- [Instructions for the task] Retype, word for word, every line of the records below starting at the one that contains "Micheál Martin T.D., An" and ending at the one that contains "Влоотберг пише, що"; include both of those lines and nothing more.

--- Records for this exercise Enclosed Below ---

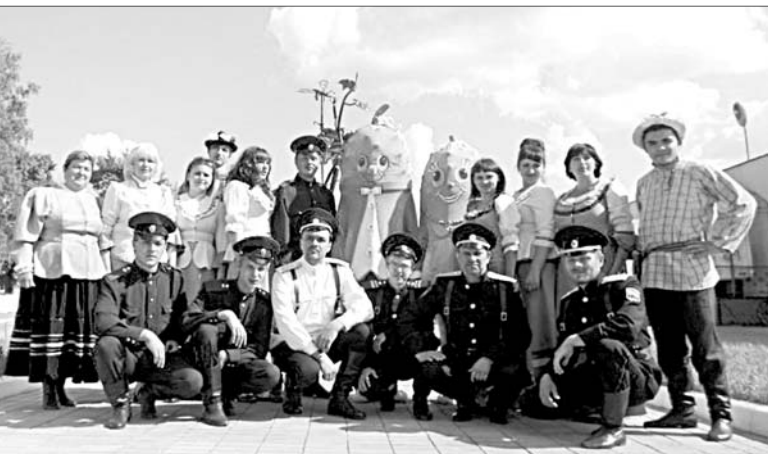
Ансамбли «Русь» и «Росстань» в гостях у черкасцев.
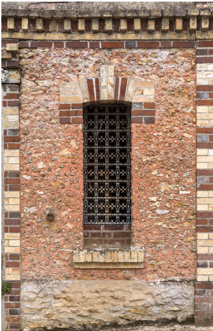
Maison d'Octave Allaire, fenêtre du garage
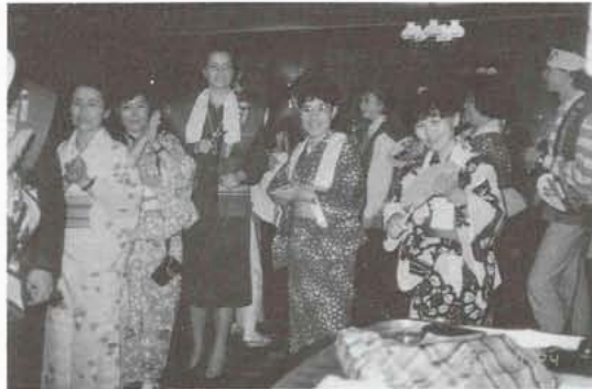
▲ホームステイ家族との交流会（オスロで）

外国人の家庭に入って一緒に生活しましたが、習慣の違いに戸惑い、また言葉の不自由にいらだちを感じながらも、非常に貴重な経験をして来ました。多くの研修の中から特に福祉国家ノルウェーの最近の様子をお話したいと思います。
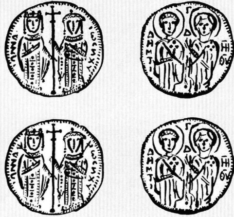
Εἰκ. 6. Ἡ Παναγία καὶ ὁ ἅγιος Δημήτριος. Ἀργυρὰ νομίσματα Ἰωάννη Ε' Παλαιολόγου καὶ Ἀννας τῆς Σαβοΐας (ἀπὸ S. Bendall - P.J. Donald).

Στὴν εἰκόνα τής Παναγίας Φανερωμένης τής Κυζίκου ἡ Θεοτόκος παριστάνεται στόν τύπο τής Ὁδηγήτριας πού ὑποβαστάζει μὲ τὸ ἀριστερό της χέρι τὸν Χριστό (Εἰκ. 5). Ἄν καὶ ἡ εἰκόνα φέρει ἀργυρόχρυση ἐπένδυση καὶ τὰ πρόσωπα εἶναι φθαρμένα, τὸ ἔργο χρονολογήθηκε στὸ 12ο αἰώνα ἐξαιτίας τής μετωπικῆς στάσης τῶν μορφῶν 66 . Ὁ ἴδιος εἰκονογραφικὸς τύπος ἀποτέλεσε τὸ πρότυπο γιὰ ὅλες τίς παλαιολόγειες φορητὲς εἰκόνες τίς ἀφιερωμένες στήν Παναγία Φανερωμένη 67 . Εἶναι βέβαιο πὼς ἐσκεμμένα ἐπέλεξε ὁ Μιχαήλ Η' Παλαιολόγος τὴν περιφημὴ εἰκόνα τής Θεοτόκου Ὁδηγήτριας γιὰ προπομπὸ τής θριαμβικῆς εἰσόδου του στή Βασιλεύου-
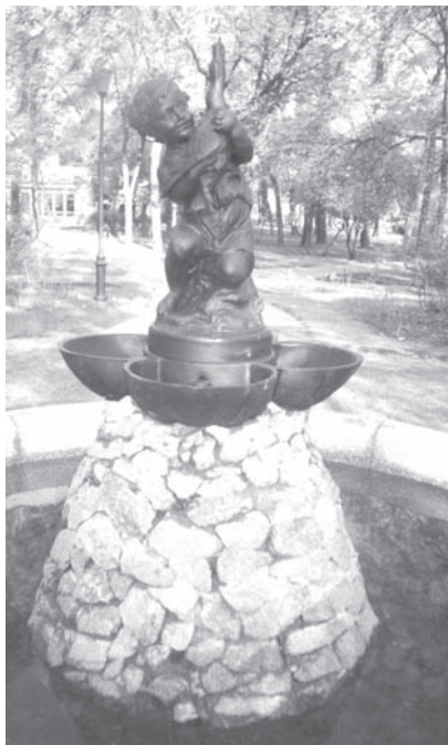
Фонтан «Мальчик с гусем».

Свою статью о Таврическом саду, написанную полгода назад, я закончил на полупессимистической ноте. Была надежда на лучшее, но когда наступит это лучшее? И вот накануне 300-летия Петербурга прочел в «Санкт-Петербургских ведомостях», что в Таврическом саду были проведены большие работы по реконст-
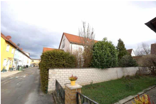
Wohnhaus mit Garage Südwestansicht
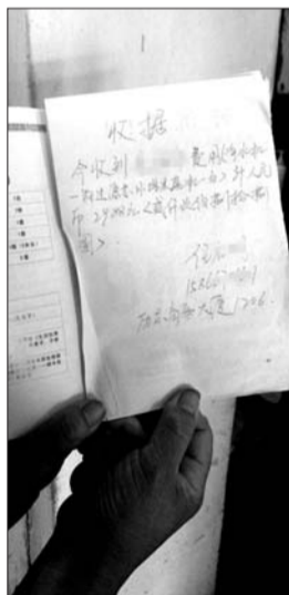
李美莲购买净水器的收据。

--- End of Enclosed Records for this exercise ---
--- Records for this exercise Enclosed Below ---

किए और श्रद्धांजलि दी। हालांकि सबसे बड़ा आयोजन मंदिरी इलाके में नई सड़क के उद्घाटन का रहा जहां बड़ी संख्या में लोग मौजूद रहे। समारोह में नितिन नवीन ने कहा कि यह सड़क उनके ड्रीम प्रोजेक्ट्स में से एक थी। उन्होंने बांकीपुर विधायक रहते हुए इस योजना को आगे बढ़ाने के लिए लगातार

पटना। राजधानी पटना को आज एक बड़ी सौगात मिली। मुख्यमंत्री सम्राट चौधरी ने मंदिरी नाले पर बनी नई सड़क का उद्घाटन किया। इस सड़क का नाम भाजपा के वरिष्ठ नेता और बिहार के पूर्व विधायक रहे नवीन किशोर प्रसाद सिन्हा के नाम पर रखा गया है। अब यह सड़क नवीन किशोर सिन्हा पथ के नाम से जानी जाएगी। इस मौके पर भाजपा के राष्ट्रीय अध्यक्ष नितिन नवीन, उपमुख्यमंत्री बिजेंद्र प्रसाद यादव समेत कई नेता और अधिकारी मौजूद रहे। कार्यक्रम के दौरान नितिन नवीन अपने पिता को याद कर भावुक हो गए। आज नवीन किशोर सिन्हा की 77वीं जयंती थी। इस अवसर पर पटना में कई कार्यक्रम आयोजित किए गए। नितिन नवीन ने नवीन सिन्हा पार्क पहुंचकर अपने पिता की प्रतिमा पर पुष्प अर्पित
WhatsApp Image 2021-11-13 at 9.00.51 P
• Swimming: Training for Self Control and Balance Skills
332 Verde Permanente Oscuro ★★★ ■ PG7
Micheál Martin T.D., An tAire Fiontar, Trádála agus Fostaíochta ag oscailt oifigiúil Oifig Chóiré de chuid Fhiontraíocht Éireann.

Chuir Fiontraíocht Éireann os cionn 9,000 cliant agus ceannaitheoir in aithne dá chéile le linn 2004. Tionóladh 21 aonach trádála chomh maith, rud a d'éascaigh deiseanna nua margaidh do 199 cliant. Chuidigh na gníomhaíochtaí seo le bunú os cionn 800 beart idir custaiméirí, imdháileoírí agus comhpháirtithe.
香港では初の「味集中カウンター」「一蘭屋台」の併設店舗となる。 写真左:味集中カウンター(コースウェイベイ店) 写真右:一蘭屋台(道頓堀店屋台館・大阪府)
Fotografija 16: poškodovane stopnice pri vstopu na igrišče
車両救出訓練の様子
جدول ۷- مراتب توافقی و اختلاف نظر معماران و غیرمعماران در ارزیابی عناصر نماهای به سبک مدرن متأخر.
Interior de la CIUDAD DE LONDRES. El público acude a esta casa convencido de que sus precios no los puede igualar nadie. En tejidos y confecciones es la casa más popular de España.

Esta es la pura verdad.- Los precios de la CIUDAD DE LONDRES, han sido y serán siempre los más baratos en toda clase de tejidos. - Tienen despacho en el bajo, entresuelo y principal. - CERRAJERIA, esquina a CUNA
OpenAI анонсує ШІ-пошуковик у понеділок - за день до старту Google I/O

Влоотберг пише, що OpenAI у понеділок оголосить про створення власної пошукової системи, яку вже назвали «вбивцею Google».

--- End of Enclosed Records for this exercise ---

- [Exercise response]
Micheál Martin T.D., An tAire Fiontar, Trádála agus Fostaíochta ag oscailt oifigiúil Oifig Chóiré de chuid Fhiontraíocht Éireann.

Chuir Fiontraíocht Éireann os cionn 9,000 cliant agus ceannaitheoir in aithne dá chéile le linn 2004. Tionóladh 21 aonach trádála chomh maith, rud a d'éascaigh deiseanna nua margaidh do 199 cliant. Chuidigh na gníomhaíochtaí seo le bunú os cionn 800 beart idir custaiméirí, imdháileoírí agus comhpháirtithe.
香港では初の「味集中カウンター」「一蘭屋台」の併設店舗となる。 写真左:味集中カウンター(コースウェイベイ店) 写真右:一蘭屋台(道頓堀店屋台館・大阪府)
Fotografija 16: poškodovane stopnice pri vstopu na igrišče
車両救出訓練の様子
جدول ۷- مراتب توافقی و اختلاف نظر معماران و غیرمعماران در ارزیابی عناصر نماهای به سبک مدرن متأخر.
Interior de la CIUDAD DE LONDRES. El público acude a esta casa convencido de que sus precios no los puede igualar nadie. En tejidos y confecciones es la casa más popular de España.

Esta es la pura verdad.- Los precios de la CIUDAD DE LONDRES, han sido y serán siempre los más baratos en toda clase de tejidos. - Tienen despacho en el bajo, entresuelo y principal. - CERRAJERIA, esquina a CUNA
OpenAI анонсує ШІ-пошуковик у понеділок - за день до старту Google I/O

Влоотберг пише, що OpenAI у понеділок оголосить про створення власної пошукової системи, яку вже назвали «вбивцею Google».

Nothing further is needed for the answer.